What you have to do
Every line from the one with "萌萌哒一组照片,建构区,孩子们相互告诉好朋友怎么玩手上的玩具。。。" through the final line of the data below goes in the answer, copied exactly. Pictures do not.

Dataset extract
◆ ◆ ◆ ◆ ◆

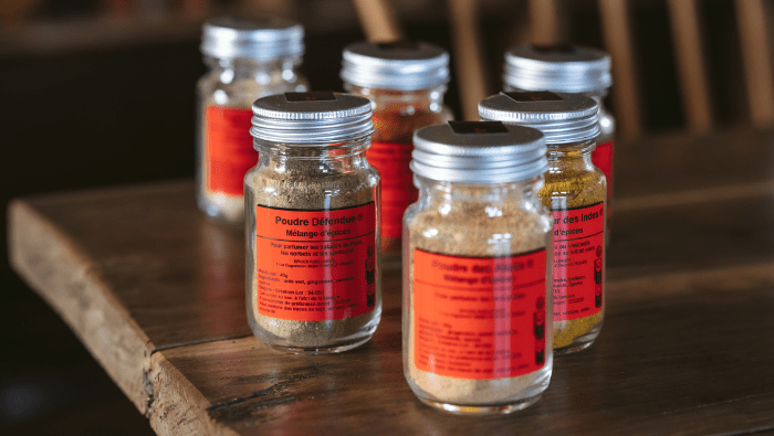 La Poudre Gallo - genièvre, bois d´Indes, girofle, zeste d´orange, laurier – parfume volailles et viandes blanches. La Poudre défendue - anis vert, gingembre, cannelle – réveille les salades de fruits et les cocktails, la Poudre Grande Caravane - cardamome, fenugrec, cannelle, niora, et sésame – donne sa chaleur aux légumes et à l’agneau. La Poudre Serinissima - girofle, gingembre, maniguette, safran – amuse la ratatouille et les tomates. La Poudre des Alizés - gingembre, sichuan, piment, moutarde - met un grand coup de vent dans la vinaigrette et la Poudre Retour des Indes - curcuma, coriandre, badiane, macis, sichuan, cumin – magnifie poissons et crustacés…
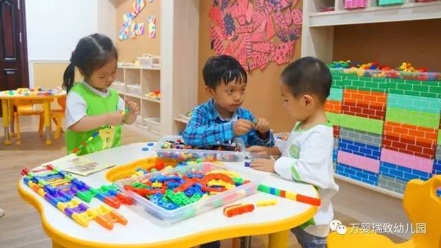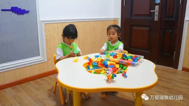 萌萌哒一组照片,建构区,孩子们相互告诉好朋友怎么玩手上的玩具。。。
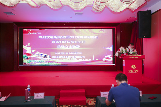 此次开班典礼由湖南省育婴师协会会长、湖南金职伟业现代家庭产业发展有限公司总裁潘建明主持。湖南省妇联妇女发展部部长兼省妇联扶贫办主任陈敏,长沙民政职业技术学院继续教育学院院长徐怀,湖南金职伟业集团董事长、金职伟业商学院院长、卓越创业导师彭英,湖南金职伟业母婴护理有限公司事业发展部陈慧卿等出席。
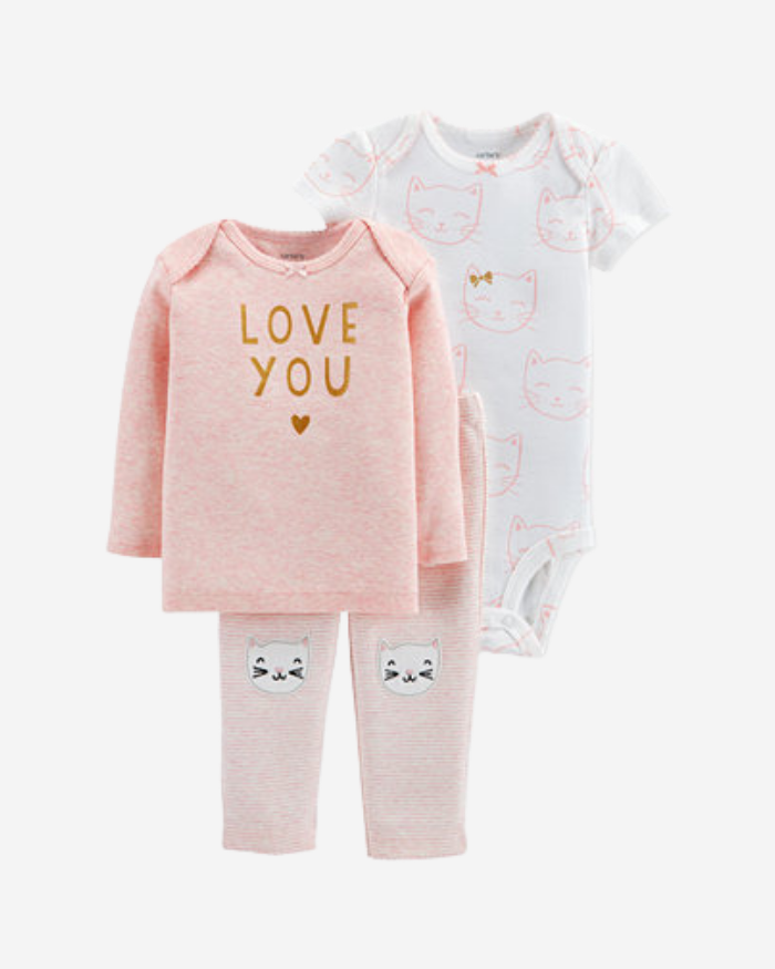Carter’s Baby Girls 3Pc. Love You T-Shirt, Bodysuit & Pants Set

◆ ◆ ◆ ◆ ◆

Result below
 萌萌哒一组照片,建构区,孩子们相互告诉好朋友怎么玩手上的玩具。。。
 此次开班典礼由湖南省育婴师协会会长、湖南金职伟业现代家庭产业发展有限公司总裁潘建明主持。湖南省妇联妇女发展部部长兼省妇联扶贫办主任陈敏,长沙民政职业技术学院继续教育学院院长徐怀,湖南金职伟业集团董事长、金职伟业商学院院长、卓越创业导师彭英,湖南金职伟业母婴护理有限公司事业发展部陈慧卿等出席。
Carter’s Baby Girls 3Pc. Love You T-Shirt, Bodysuit & Pants Set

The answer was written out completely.